Table 2c,d show that the annual PM₁₀ concentrations generally measured high in spring and winter compared to summer and autumn. In addition, the annual PM₁₀ concentrations decreased in all the seasons by 31.11 μg/m³ for spring, by 8 μg/m³ for summer, by 8.78 μg/m³ for autumn, and by 18.77 μg/m³ for winter. Based on Table 2d, we assume that the climate factors (e.g., air temperature, air pressure, rainfall, humidity, wind speed, and wind direction) can be significant for the annual PM₁₀ concentrations.

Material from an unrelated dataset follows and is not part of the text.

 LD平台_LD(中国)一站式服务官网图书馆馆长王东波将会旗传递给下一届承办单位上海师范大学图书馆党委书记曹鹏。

The above experiment results show that there is a minimal or no relationship at all between the urban expansion and the PM₁₀ concentrations rate in Daegu, which means that the urban expansion that occurred in Daegu from 2007 to 2017 was not the main cause of the rise in the PM₁₀ concentration rate in Daegu, South Korea during the same period. We assume that, however, the types of facilities and climate factors can influence on the annual PM₁₀ concentrations.

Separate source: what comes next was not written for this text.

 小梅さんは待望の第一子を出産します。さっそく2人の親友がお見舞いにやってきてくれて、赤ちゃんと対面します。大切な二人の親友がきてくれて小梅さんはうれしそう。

5. Conclusions and Future Works

In this research, an experiment was performed to assess the relationship between the urban expansion and the PM₁₀ concentration rate in Daegu from 2007 to 2017 by calculating the expanded urban areas and the annual PM₁₀ concentration changes in each AQMS, each year and each season. The experiment results showed that there is a minimal or no relationship at all between the urban expansion that occurred in Daegu from 2007 to 2017 and the rise in the PM₁₀ concentration rate in the same city during the same period because the urban areas significantly expanded but the annual PM₁₀ concentrations sharply decreased.

This research proved that the urban expansion that occurred in Daegu from 2007 to 2017 was not the main cause of the rise in the PM₁₀ concentration rate in Daegu during the same period. This research, however, also suggested that the other factors, such as types of facilities or climate factors, can be significant for the annual PM₁₀ concentrations. To protect the public health, it is necessary to identify the main causes of PM₁₀ concentrations, hence, further research, will be carried out to identify the main causes (e.g., the climate factors and the type of facilities) of PM₁₀ concentrations in general. In addition, research will be conducted to identify the main cause of PM_2.5 concentrations that also causing serious air pollution problems.